Il moro aveva smesso di sorridere da un po’; nessuno gli si avvicinava così tanto da anni ed era preoccupato di come potesse reagire. Il bacio di Stiles e il suo respiro leggero che percepiva sul collo gli fecero chiudere gli occhi, scatenando brividi in tutto il corpo. Iniziò a sentirsi rilassato mentre la tensione (che non aveva percepito) rilasciò le spalle. Improvvisamente il calore del respiro sul collo svanì e venne rimpiazzato da un sospiro che gli arrivò direttamente sulle labbra che dischiuse naturalmente. Stiles era rimasto incantato a guardare il volto di Derek da così vicino: le labbra rosee e invitanti, il naso stretto e affilato, le lunghe ciglia nere. Sollevò le mani, leggermente tremanti e le portò ai lati del viso del più grande, allargando e richiudendo le dita in una lenta carezza. Si avvicinò fino a posare le sue labbra su quelle di Derek che erano di una morbidezza straordinaria. Il contatto durò solo pochi secondi, poi Stiles prese a mordicchiargli il labbro inferiore passandoci poi la lingua sopra come a voler cancellare il morso; Derek era travolto dalle sensazioni che un solo bacio gli stava dando e, lasciandosi trasportare, avviluppò le sue braccia intorno alla vita di Stiles trascinandolo giù dal letto finché non finì a cavalcioni su di lui. Entrambi non si erano mai resi conto di quanto questo contatto fosse agognato e il bacio diventò subito più urgente; entrambi diedero libero accesso alle proprie bocce mentre Derek stringeva Stiles un po’ più vicino sentendolo tremare, ed iniziò una danza di lingua e labbra. L’ossigeno ad un certo punto venne a mancare per entrambi e furono costretti a staccarsi. Entrambi aprirono gli occhi, respirando pesantemente con i nasi che si sfioravano. Stiles si fece più vicino mantenendo gli occhi ambra in quelli verde muschio del più grande e diede nuovamente un bacio beandosi della morbidezza e della leggera frizione che c’era a causa della barba.

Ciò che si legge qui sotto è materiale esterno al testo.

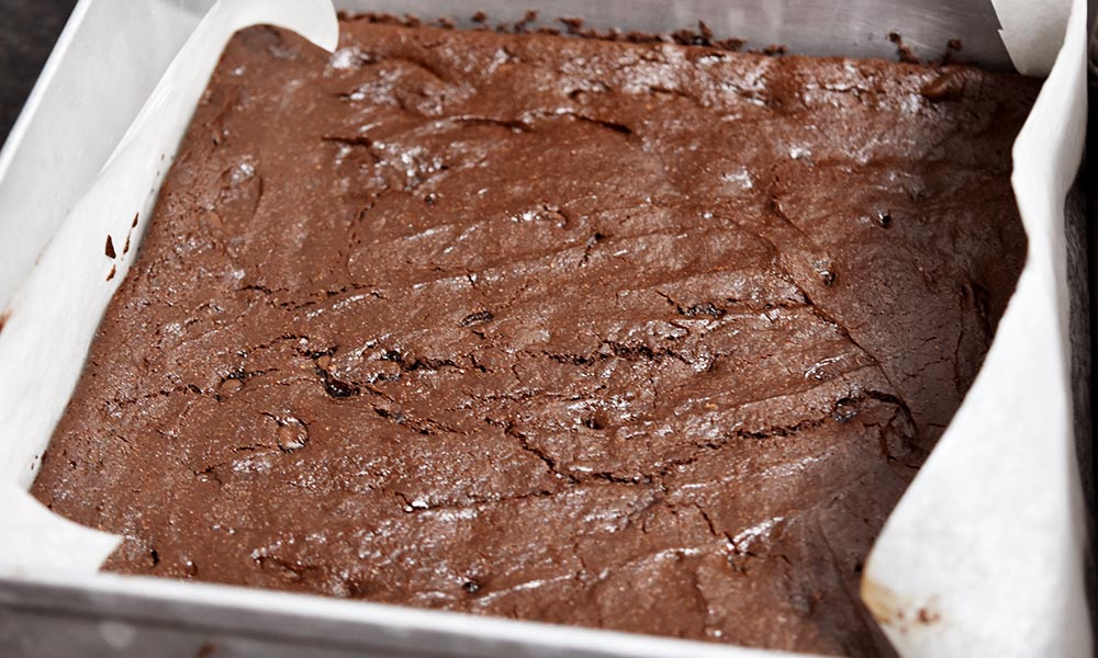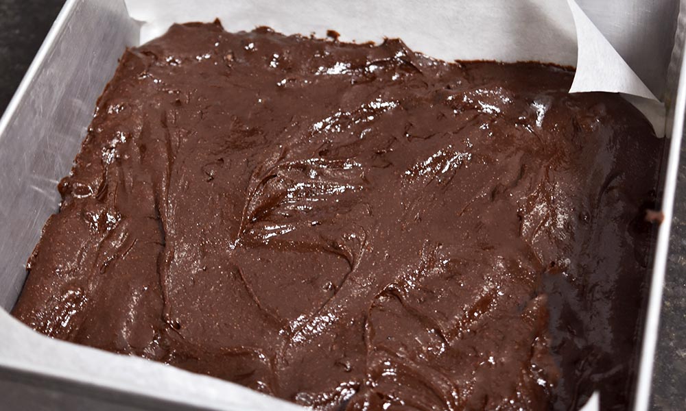 Bake this brownie batter in a preheated oven at 180 °C for 20 minutes.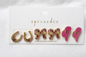 #26 — SET OF 3 WESTERN EARRINGS VALENTINE PINK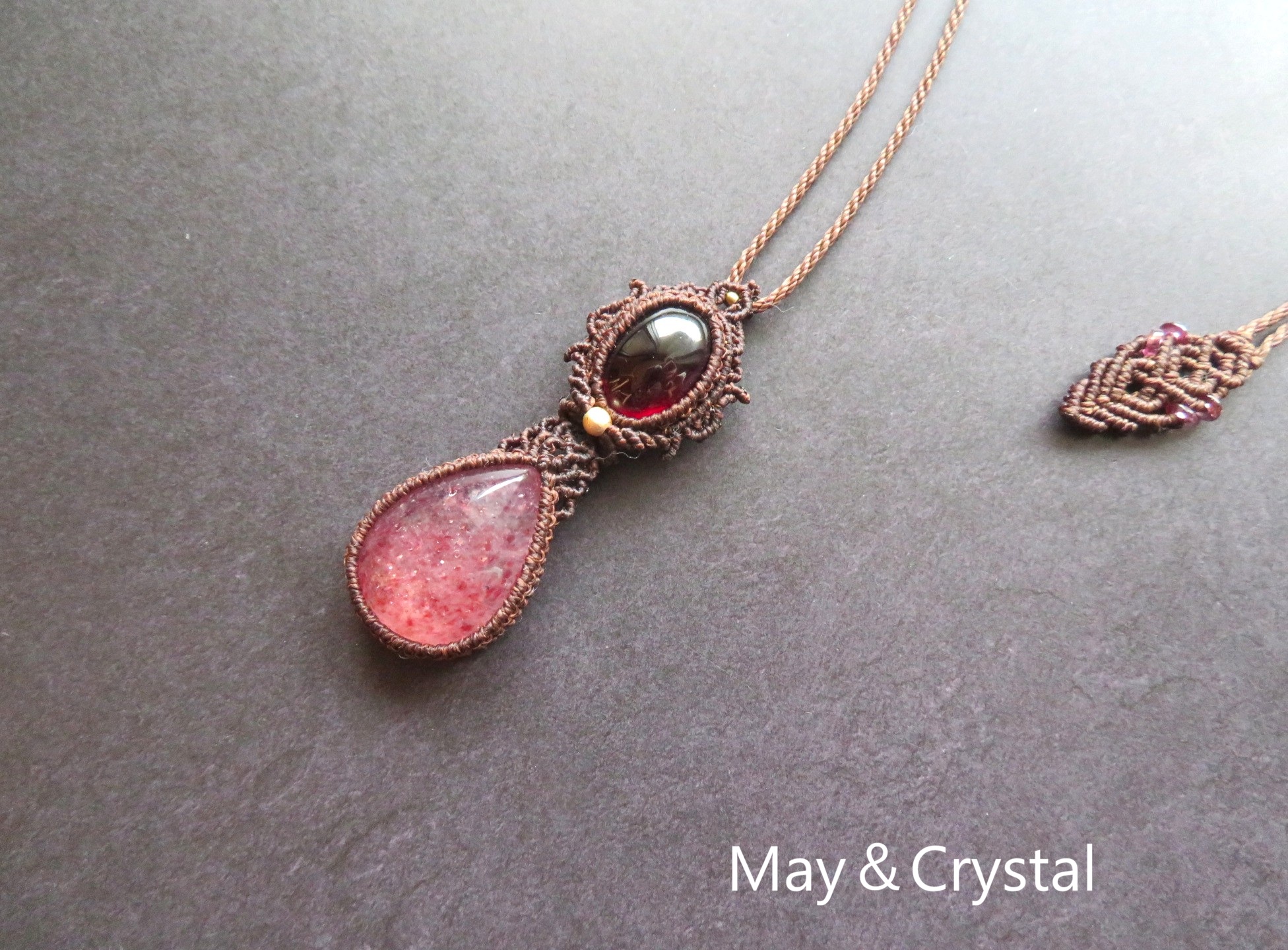 ロードライトガーネットとレッドアベンチュリンを合わせたマクラメ編みのペンダント。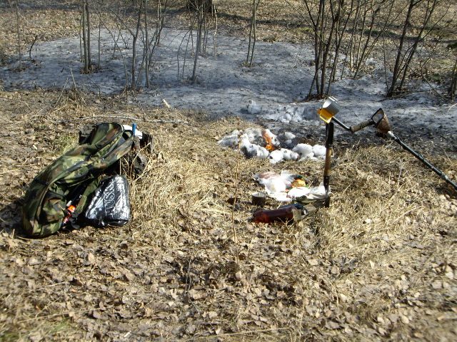 --Авто не пострадало....пешком ходил. Вообще жесть случилась. Впервые за десяток лет поиска такое произошло. Никогда без присмотра не оставлял огонь. Да и в этот раз костёр снегом обложил, ну надеялся на авось получается......урок на всю жизнь.....

“Avrei dovuto fartelo presente molto prima, sei il mio ragazzo, è stata una grave mancanza da parte tua escludermi da tutto questo.” Mormorò Stiles inclinando leggermente la testa, carezzando per un’ultima volta Derek. Il moro, ancora sopraffatto da tutte le emozioni contrastanti che lo governavano improvvisamente appoggiò la sua fronte sulla spalla del castano; Stiles rimase basito, considerando il fatto che Derek non avesse replicato e ora un leggero tremore gli scuoteva la schiena possente. Il castano abbracciò subito Derek accarezzando a palmi aperti la grande schiena muscolosa, preoccupato da quello strano comportamento; improvvisamente sentì Derek ridere di tutto cuore, a crepapelle: una di quelle risate liberatorie, che ti lasciano con quella strana sensazione di leggerezza. 

“Ti spiacerebbe rendermi partecipe di questa follia?!” domandò Stiles con gli occhi spalancati dalla sorpresa ma con un leggero sorriso che gli aleggiava tra le labbra. L’alpha prese un profondo respiro e rialzò la testa dalla spalla del suo compagno fissando i proprio occhi in quelli ambra; Stiles si domandò come potesse essere così sfacciatamente fortunato. Derek aveva i capelli scompigliati a regola d’arte, un furbo sorriso sulle labbra e gli occhi resi ancora più lucidi dal precedente attacco di risa.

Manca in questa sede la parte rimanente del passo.